Optimal Volume 3-4 Sets × 12-20 Reps / Side
Intensity Target 0-1 RIR (To Failure)
Rest Interval 60-90 Seconds
Execution Tempo 3-0-1-1 (Eccentric-Pause-Concentric-Squeeze)

Execution Protocol

  • Setup & Alignment Set a cable pulley to the lowest position and attach a single D-handle. Stand perpendicular to the machine, holding the upright with your non-working arm for stability. Grasp the handle with your working arm. The cable can run in front of or behind your legs. Brace your core and depress your scapulae.
  • The Abduction (Concentric Phase) Initiate the movement by driving your arm outward and slightly forward into the scapular plane (about 30 degrees ahead of your torso) while exhaling. Maintain a slight bend in your elbow. Stop when your hand reaches shoulder height to prevent supraspinatus impingement and upper trapezius compensation.
  • The Descent (Eccentric Phase) Lower the handle in a slow, controlled manner (3-4 seconds) while inhaling deeply. Allow the cable to pull your arm slightly across your midline at the bottom of the movement to achieve a maximum active stretch on the lateral deltoid fibers under load.

Clinical Red Flags

  • Trapezius Shrugging: Elevating the shoulder blade as you raise the arm shifts the mechanical load directly onto the upper trapezius, bypassing the lateral deltoid. The scapula must remain depressed throughout the rep.
  • Coronal Plane Abduction: Flaring the arm perfectly sideways in line with your shoulders forces the humeral head to smash into the acromion. Always raise the arm slightly forward in the scapular plane.

Clinical Troubleshooting

Losing Balance During the Pull
The Fix: Use your non-working hand to grab the structural pole of the cable machine. You can lean slightly away from the machine to create an extremely stable counterbalance, ensuring perfect isolation.
Elbow Joint Pain
The Fix: Do not lock out your elbow perfectly straight. Keep a subtle, 10-15 degree bend in the elbow and lock that angle in place for the duration of the set to alleviate stress on the joint capsule.

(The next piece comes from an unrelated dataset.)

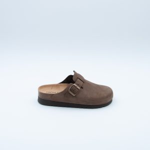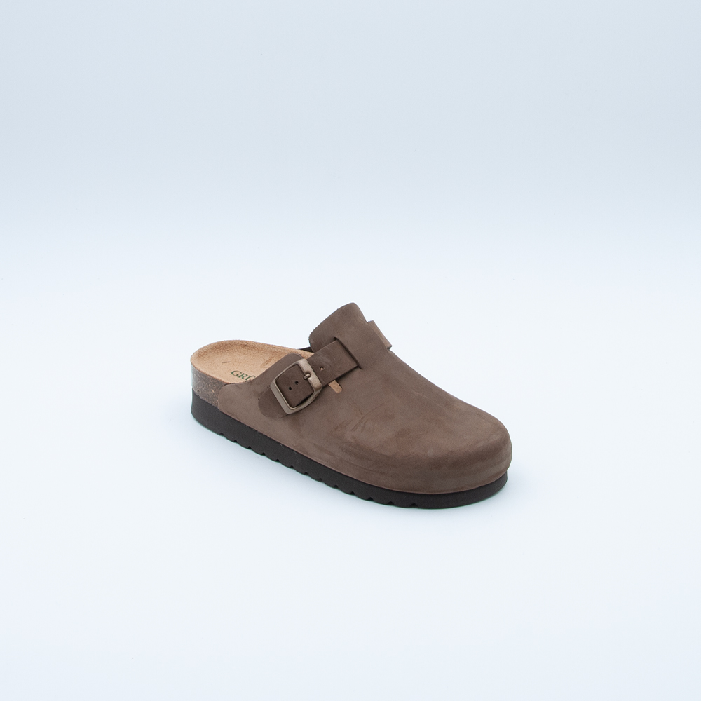 Sabot Grünland realizzato in pellle color testa di moro. Si contraddistingue per il sottopiede memory e l’altezza più alta del tacco.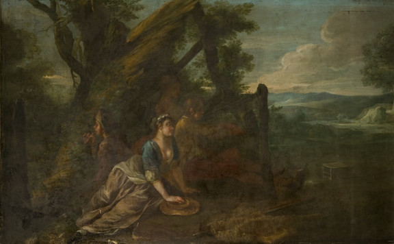 In addition to these theatrical-esque arches, four large scenes were painted and installed at the end of the walks, to camouflage the surrounding landscape and introduce a bit of fantasy. The Temple of Neptune, at the end of the South Walk, was soon replaced by the ruins of Palmyra, after the publication of Robert Wood’s journey there. A painting of an alcove of three niches with figures of Flora and the Genii, at the end of the Dark Walk, was replaced with a scene of a Chinese Garden in 1762. “At the opposite end was an altogether more eccentric scene of another alcove, but this one bore a representation of a scaffolding and ladder ready for artists to work on the canvas.” The explanation for this:

Biomechanically Similar Alternatives

Frequently Asked Questions

Why use cables instead of dumbbells for lateral raises?

Dumbbells have an ascending resistance profile, meaning there is zero tension at the bottom of the movement where the muscle is fully lengthened. Cables provide constant tension throughout the entire range of motion, offering a superior stretch-mediated hypertrophic stimulus at the bottom phase.

Should the cable pass in front of or behind my body?

Both variations are valid. Passing the cable behind your back allows for a greater stretch on the lateral and posterior deltoid heads at the start of the movement. Passing it in front is more comfortable for some but slightly shifts the bias toward the anterior/lateral insertion.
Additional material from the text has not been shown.